BEGIN

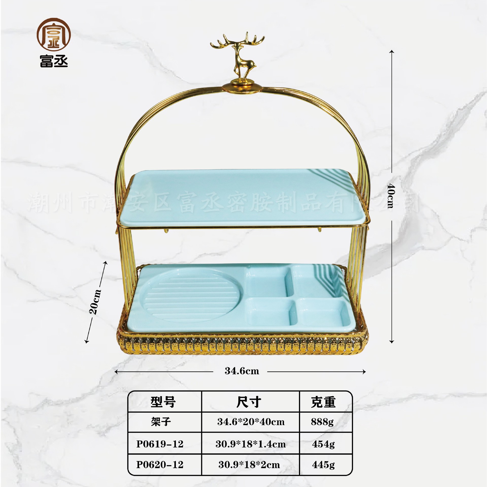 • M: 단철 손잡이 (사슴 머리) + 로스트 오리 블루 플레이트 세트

END
BEGIN

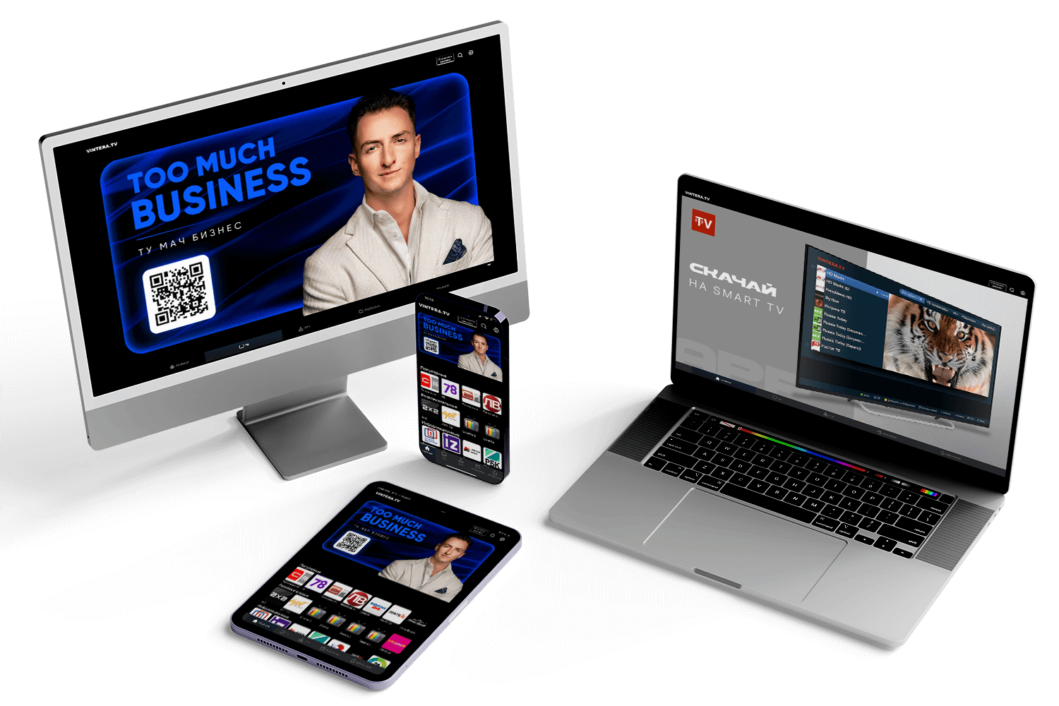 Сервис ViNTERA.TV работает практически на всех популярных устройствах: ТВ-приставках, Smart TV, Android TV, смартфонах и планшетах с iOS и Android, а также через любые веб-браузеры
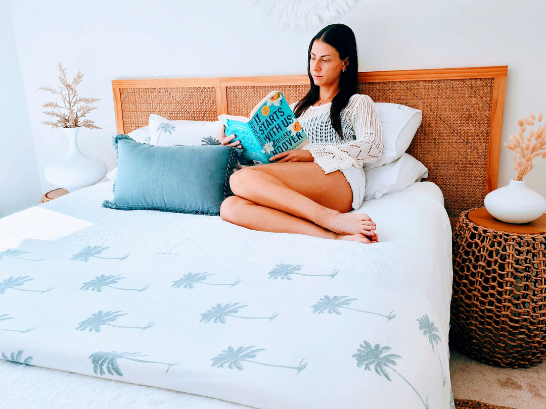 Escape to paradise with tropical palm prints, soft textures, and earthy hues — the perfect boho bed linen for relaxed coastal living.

END

**Exercise prompt**
When you reach the line containing "Сервис ViNTERA.TV работает" in the entries above, begin restating word for word, and stop once the line containing "Escape to paradise" has been given. Omit the pictures.

**Answer space**
 Сервис ViNTERA.TV работает практически на всех популярных устройствах: ТВ-приставках, Smart TV, Android TV, смартфонах и планшетах с iOS и Android, а также через любые веб-браузеры
 Escape to paradise with tropical palm prints, soft textures, and earthy hues — the perfect boho bed linen for relaxed coastal living.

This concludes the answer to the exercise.